**WORK ORDER**
The answer must be only the lines below from the one holding "A modern, minimalist" down to the one holding "Цветущая степь и", ends included, printed exactly; please omit all pictures.

**ENTRIES SUPPLIED**
- - - -
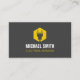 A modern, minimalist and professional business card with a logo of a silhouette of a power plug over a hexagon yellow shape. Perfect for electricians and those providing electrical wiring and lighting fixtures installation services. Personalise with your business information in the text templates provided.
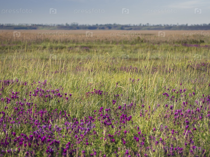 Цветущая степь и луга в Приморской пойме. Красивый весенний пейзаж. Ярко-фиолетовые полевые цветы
- - - -
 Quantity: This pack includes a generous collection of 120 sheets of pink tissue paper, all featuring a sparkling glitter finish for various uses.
- - - -
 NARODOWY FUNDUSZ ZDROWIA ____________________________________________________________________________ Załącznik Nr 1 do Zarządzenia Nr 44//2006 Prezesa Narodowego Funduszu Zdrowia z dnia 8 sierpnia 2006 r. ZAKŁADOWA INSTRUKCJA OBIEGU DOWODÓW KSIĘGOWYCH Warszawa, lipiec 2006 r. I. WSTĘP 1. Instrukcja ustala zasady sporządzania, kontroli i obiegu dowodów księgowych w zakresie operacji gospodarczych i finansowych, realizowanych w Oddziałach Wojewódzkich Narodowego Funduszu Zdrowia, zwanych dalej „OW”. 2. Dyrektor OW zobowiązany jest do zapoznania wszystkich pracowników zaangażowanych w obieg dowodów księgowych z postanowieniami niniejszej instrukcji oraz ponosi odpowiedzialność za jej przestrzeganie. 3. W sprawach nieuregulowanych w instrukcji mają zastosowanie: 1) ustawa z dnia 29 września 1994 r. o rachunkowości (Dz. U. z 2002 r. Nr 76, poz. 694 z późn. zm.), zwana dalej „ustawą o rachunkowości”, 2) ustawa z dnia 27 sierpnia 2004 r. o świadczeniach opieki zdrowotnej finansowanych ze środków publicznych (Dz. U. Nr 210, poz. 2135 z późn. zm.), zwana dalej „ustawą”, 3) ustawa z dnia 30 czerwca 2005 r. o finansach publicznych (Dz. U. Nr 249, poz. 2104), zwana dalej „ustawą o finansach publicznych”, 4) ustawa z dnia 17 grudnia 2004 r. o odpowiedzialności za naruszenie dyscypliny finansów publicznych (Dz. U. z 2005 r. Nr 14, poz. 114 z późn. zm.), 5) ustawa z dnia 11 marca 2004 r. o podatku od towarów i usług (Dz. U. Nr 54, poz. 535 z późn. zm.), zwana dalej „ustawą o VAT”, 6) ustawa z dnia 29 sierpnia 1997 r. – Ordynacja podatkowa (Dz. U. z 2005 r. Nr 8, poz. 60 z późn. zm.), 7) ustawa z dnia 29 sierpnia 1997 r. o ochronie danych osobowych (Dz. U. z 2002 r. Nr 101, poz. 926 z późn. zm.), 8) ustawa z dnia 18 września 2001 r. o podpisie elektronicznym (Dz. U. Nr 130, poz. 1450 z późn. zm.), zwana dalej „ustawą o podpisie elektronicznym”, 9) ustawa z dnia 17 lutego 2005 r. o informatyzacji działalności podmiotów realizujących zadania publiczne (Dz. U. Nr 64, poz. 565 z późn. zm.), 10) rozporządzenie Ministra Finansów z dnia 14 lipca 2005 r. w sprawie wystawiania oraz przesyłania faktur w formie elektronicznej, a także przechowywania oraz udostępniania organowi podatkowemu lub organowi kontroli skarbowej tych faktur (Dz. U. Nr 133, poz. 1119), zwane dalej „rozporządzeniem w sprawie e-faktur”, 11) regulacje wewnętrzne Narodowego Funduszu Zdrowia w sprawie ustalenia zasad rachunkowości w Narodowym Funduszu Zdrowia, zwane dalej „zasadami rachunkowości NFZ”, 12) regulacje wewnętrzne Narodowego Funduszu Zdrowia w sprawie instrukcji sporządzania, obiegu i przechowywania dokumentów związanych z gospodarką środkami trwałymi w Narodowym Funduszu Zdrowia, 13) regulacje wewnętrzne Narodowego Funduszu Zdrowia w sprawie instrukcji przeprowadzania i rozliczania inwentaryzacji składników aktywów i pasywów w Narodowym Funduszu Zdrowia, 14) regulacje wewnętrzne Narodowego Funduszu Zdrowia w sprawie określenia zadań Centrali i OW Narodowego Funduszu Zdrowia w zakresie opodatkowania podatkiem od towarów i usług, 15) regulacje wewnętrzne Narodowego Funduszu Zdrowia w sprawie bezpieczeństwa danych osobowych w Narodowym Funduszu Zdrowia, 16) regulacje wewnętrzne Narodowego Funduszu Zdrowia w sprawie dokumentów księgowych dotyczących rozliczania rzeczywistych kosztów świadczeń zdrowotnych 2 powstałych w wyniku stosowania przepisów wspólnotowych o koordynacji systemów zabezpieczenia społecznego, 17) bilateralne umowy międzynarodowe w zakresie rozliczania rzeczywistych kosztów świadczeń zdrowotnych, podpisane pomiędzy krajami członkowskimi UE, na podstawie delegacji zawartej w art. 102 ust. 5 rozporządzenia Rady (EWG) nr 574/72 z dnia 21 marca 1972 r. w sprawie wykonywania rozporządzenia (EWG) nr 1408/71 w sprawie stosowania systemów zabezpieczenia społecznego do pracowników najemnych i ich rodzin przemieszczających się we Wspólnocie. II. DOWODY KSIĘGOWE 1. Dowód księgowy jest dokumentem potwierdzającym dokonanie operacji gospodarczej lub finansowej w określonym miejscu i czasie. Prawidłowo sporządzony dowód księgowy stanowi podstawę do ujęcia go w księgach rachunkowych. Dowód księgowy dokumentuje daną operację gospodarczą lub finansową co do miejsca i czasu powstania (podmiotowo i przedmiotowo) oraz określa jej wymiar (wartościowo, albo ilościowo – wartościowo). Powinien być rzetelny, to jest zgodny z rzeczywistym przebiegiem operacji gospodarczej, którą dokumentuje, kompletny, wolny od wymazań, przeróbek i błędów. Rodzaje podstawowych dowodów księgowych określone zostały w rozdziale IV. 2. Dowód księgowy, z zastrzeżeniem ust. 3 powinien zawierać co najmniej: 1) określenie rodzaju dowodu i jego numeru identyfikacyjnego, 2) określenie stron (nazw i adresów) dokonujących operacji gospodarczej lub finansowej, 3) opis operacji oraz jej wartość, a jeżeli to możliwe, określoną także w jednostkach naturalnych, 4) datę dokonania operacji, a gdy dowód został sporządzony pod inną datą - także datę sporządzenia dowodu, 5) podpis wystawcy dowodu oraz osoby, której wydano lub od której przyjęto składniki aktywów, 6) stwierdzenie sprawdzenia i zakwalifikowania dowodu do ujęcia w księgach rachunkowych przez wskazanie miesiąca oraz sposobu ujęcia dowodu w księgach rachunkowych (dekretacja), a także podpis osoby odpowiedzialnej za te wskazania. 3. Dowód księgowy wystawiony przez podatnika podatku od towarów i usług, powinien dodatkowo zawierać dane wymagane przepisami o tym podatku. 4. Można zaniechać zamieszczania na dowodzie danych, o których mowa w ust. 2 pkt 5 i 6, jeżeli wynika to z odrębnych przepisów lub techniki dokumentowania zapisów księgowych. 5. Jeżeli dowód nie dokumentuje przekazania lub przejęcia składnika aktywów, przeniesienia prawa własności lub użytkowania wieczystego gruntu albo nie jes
- - - -
**TASK RESULT**
 A modern, minimalist and professional business card with a logo of a silhouette of a power plug over a hexagon yellow shape. Perfect for electricians and those providing electrical wiring and lighting fixtures installation services. Personalise with your business information in the text templates provided.
 Цветущая степь и луга в Приморской пойме. Красивый весенний пейзаж. Ярко-фиолетовые полевые цветы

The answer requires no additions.